Chieko Asakawa

Navigation Robot for the Visually Impaired

Blind people face many difficulties when they navigate and explore unfamiliar places alone. Generally, sighted people use visual information to find a destination and avoid collisions. However, blind people must rely on non-visual information, such as haptic feedback from a white cane or ambient sounds. Recent technologies, such as AI and robotics, have great potential to offer new solutions for converting visual information into a non-visual medium, thereby guiding blind people in a safe, socially compliant manner in public spaces.

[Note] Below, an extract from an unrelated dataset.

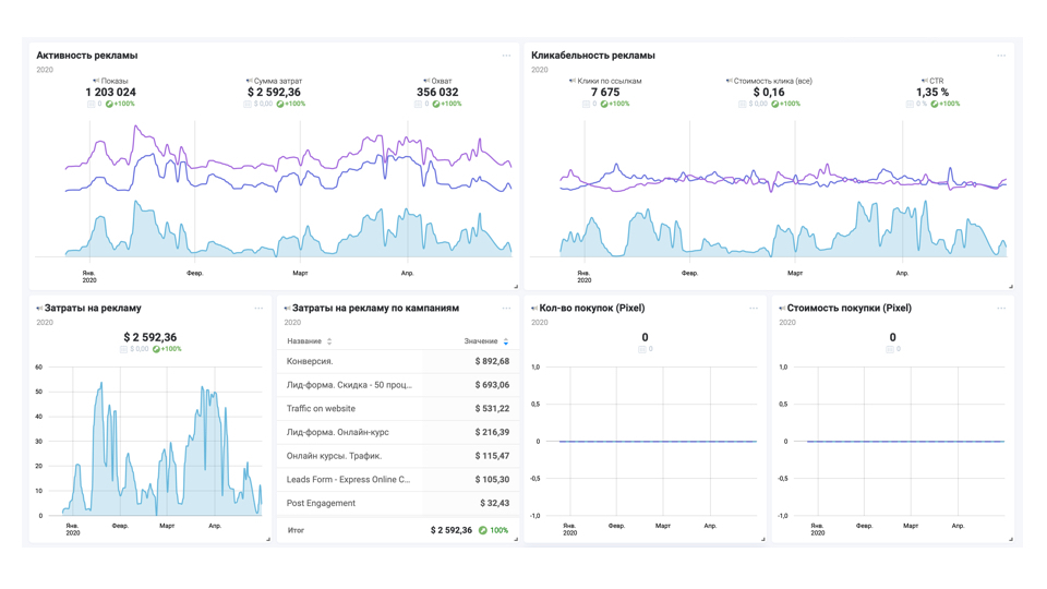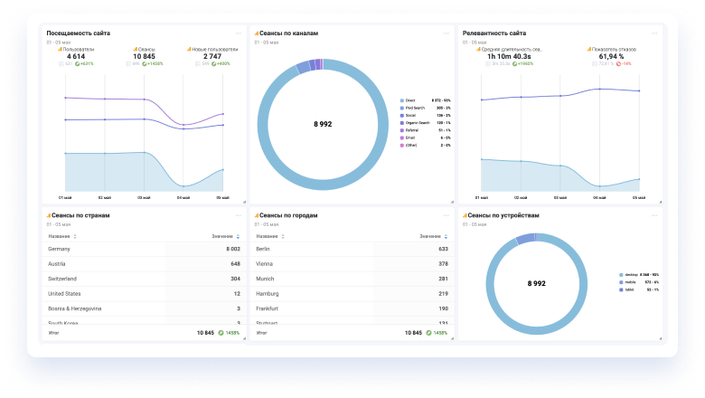 Вы сможете собрать всю статистику на одном экране без привлечения специалистов всего в 1 клик;

In this talk, I will address our recent work, “AI Suitcase”, concerning a suitcase-shaped navigation robot for the blind. It is equipped with motors and several sensors, controlled by various AI engines for autonomous navigation. I will share our experiences in real-world pilots, including airports, shopping malls, museums, and outdoor environments. I will also discuss how we can accelerate the implementation of such new technologies into our society by overcoming challenges related to technology, infrastructure, social acceptance, and business models.

Bio

Chieko Asakawa is the Chief Executive Director of the Japanese National Museum of Emerging Science and Innovation (Miraikan), and an IBM Fellow, working in the area of accessibility. Her initial contribution to the field started from braille digitalization and moved onto the Web accessibility, including the world’s first practical voice browser. Today, Chieko is focusing on real world accessibility to help the visually impaired understand their surroundings and navigate the world by the power of AI. She has been serving as an IBM Distinguished Service Professor at Carnegie Mellon University since 2014. In 2013, the government of Japan awarded the Medal of Honor with Purple Ribbon to Chieko for her outstanding contributions to accessibility research. She was elected as a foreign member of the US National Academy of Engineering in 2017, inducted into the National Inventors Hall of Fame (NIHF) in 2019. She also received American Foundation for the Blind 2020 Helen Keller Achievement Award.